Dice Slavoj Žižek que, una vez ocurrida la Revolución Francesa, es imposible vivir como si no hubiera tenido lugar, por mucho que se empeñe uno. En España llevamos dos siglos siendo víctimas de un terrible equívoco. Cierto es que Fernando VII no fue guillotinado, sino que ahorcó, él, a Riego y al Empecinado. Pero, contra lo que se suele decir, esa diferencia con Francia no se debía a un supuesto carácter más monárquico y gregario del pueblo español frente a esos franceses, tan insumisos ellos, tan burros nosotros. No. Buscando una explicación más seria a esa impunidad del infame Fernando, pronto aparecen claves que nada tienen que ver con algún tipo de maldición española, claves exentas de auto-odio. Y algunas son extremamente sencillas. Tanto que basta un solo factor para explicar la diferencia entre los dos países, y es la tasa de alfabetización.

En el París revolucionario de finales del siglo XVIII, más de la mitad de la población sabía leer. En España, como en otros lugares periféricos de Europa, no se alcanzó esa proporción hasta un siglo y medio después. No busquen más. Lean a Benedict Anderson, a Ernest Gellner, a Emmanuel Todd y a otros, y se convencerán de que sin alfabetización no puede haber modernidad, democracia, ideologías políticas, etc. De hecho, lo sorprendente es la precocidad de la revolución española, elogiada por Marx. ¿Cómo podía esa sociedad, en esas condiciones de atraso, mostrar semejante predisposición al liberalismo y al universalismo como lo mostraron las Cortes de Cádiz y su constitución, que sitúan a nuestro país como uno de los primeros focos históricos de aparición de la democracia parlamentaria, tras EEUU y Francia ?

Tirando del hilo, no cuesta mucho ver las consecuencias del aumento progresivo de la tasa de alfabetización en España a lo largo del siglo XIX y principios del XX. El pueblo español llega tarde a la modernidad, pero en ella se revela como una sociedad explosiva de dinamismo y contestación. La monarquía se encuentra cada vez más incómoda en la España moderna. En el fondo, se sabe incompatible con ella. Alfonso XIII abandona España aun habiendo ganado (sus partidos) las elecciones de 1931 a escala nacional, pero perdido en casi todas las capitales de provincia. Por si acaso.

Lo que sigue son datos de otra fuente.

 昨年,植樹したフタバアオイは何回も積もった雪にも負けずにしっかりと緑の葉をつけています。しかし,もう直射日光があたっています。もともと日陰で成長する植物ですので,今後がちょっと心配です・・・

Se suele afear, con razón, a la Casa Real que su institución proceda del franquismo. Pero también se suele olvidar que ese franquismo se asentó sobre una montaña de cadáveres que supera a todas las dictaduras del Cono Sur juntas. La izquierda lo olvida, sí. Porque si no, nunca dirían eso de que “Franco murió en la cama”. Si a día de hoy tenemos monarquía, no es por seguidismo, por pasividad, ni por aburrida inercia histórica. Es una anomalía fruto de uno de los episodios más sanguinarios del siglo XX.

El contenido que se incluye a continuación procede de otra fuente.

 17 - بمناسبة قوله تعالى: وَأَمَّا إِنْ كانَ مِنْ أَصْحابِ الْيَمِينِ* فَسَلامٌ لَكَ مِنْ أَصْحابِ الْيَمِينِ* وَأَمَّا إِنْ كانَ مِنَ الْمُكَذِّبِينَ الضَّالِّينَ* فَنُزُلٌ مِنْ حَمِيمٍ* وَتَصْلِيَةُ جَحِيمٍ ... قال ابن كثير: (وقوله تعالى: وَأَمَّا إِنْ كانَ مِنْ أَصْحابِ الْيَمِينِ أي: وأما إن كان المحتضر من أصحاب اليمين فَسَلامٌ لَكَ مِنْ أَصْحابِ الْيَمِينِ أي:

La existencia de una monarquía en España en el siglo XXI se hace tanto más aberrante cuando revisamos nuestros dos últimos siglos de historia. Es evidente que la monarquía es perfectamente compatible con la modernidad en ciertos países, de los más avanzados de Europa. Pero cuando miramos el mapa, vemos que se trata siempre de países germánicos (categoría que incluye a Gran Bretaña) en lo lingüístico y de tradición mayormente protestante en lo religioso. Es decir, que hablamos de una especificidad antropológica. Miremos ahora la esfera a la que pertenece España, la de países latinos en lo lingüístico y de tradición católica en lo religioso, y veremos que todos son repúblicas (si tenemos en cuenta que Bélgica sólo es latino a mitad). Las monarquías no son incompatibles con el siglo XXI, pero sí con la España del siglo XXI.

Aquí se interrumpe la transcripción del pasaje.